(Stored data entries)
━━━━━━━━━━
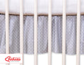 Dust Ruffle - Maskeringsvolanger 120x60cm - Hängande hjärtan vita med vita prickar på grått
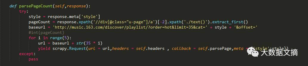 网易其实对歌单进行了分页操作,也就是说我们在爬取每个分类的时候还要知道在这个分类中的歌单共有多少页,所以接下来要去解析 每一类对应有多少页的歌单 (为了缩小爬取量只用了每个风格5页歌单,每一页包含35个歌单)
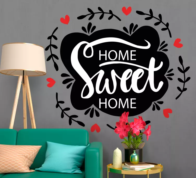 Reference: A48557The phrase 'Home Sweet Home' is beautifully depicted with elegant typography surrounded by charming vines and hearts. This expression conveys warmth and comfort, perfect for creating a welcoming atmosphere in any living space.
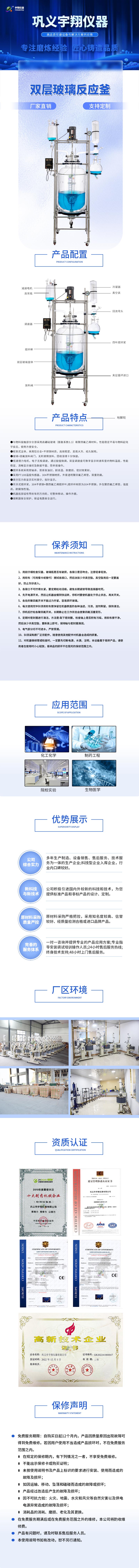 新型升降旋轉雙層玻璃反應釜 SJS212-(1-100L)
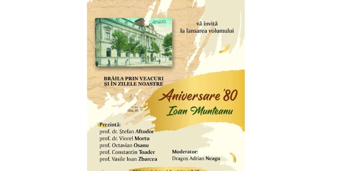 ”Evenimentul are o dublă semnificație: lansarea de carte și omagierea profesorului și scriitorului Ioan Munteanu la împlinirea vârstei de 80 de ani. Cetățean de Onoare al orașului Brăila și posesor al multor diplome și distincții, Ioan Munteanu este sărbătorit pentru îndelunga activitate profesională dedicată învățământului și promovării istoriei și culturii locale”, transmite Biblioteca Județeană printr-un comunicat de presă.
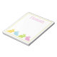 This cute notepad features adorable bunny rabbits in sweet shades of pink, blue, green and yellow on solid white. Personalise with your choice of name or special text in matching pink. Makes great party favours for Easter or any time of the year!
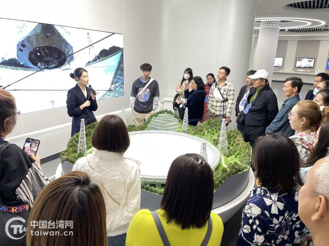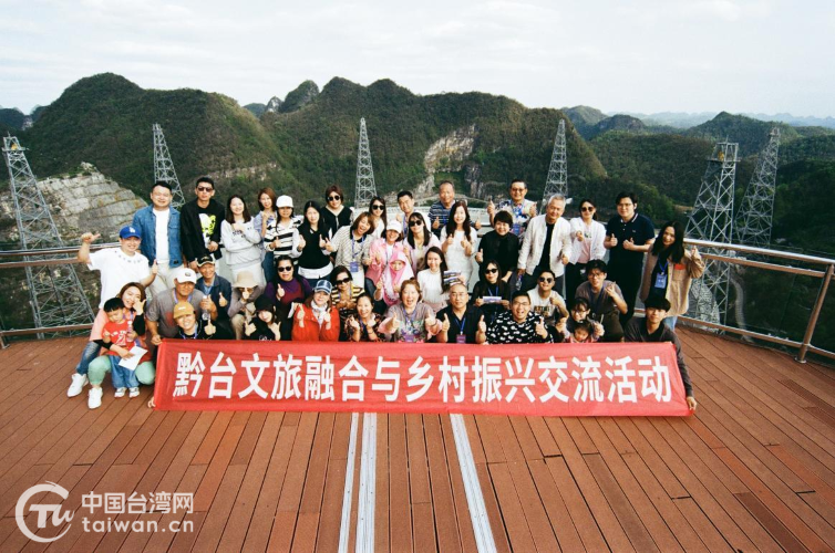 “花開聯(lián)姻·共促發(fā)展”黔臺文旅交流團在“中國天眼”合影留念。(中國臺灣網(wǎng)發(fā))
━━━━━━━━━━
Set down word for word the lines from the first entry through the line with "This cute notepad", both included, omitting pictures.

ANSWER SECTION »
 Dust Ruffle - Maskeringsvolanger 120x60cm - Hängande hjärtan vita med vita prickar på grått
 网易其实对歌单进行了分页操作,也就是说我们在爬取每个分类的时候还要知道在这个分类中的歌单共有多少页,所以接下来要去解析 每一类对应有多少页的歌单 (为了缩小爬取量只用了每个风格5页歌单,每一页包含35个歌单)
 Reference: A48557The phrase 'Home Sweet Home' is beautifully depicted with elegant typography surrounded by charming vines and hearts. This expression conveys warmth and comfort, perfect for creating a welcoming atmosphere in any living space.
 新型升降旋轉雙層玻璃反應釜 SJS212-(1-100L)
 ”Evenimentul are o dublă semnificație: lansarea de carte și omagierea profesorului și scriitorului Ioan Munteanu la împlinirea vârstei de 80 de ani. Cetățean de Onoare al orașului Brăila și posesor al multor diplome și distincții, Ioan Munteanu este sărbătorit pentru îndelunga activitate profesională dedicată învățământului și promovării istoriei și culturii locale”, transmite Biblioteca Județeană printr-un comunicat de presă.
 This cute notepad features adorable bunny rabbits in sweet shades of pink, blue, green and yellow on solid white. Personalise with your choice of name or special text in matching pink. Makes great party favours for Easter or any time of the year!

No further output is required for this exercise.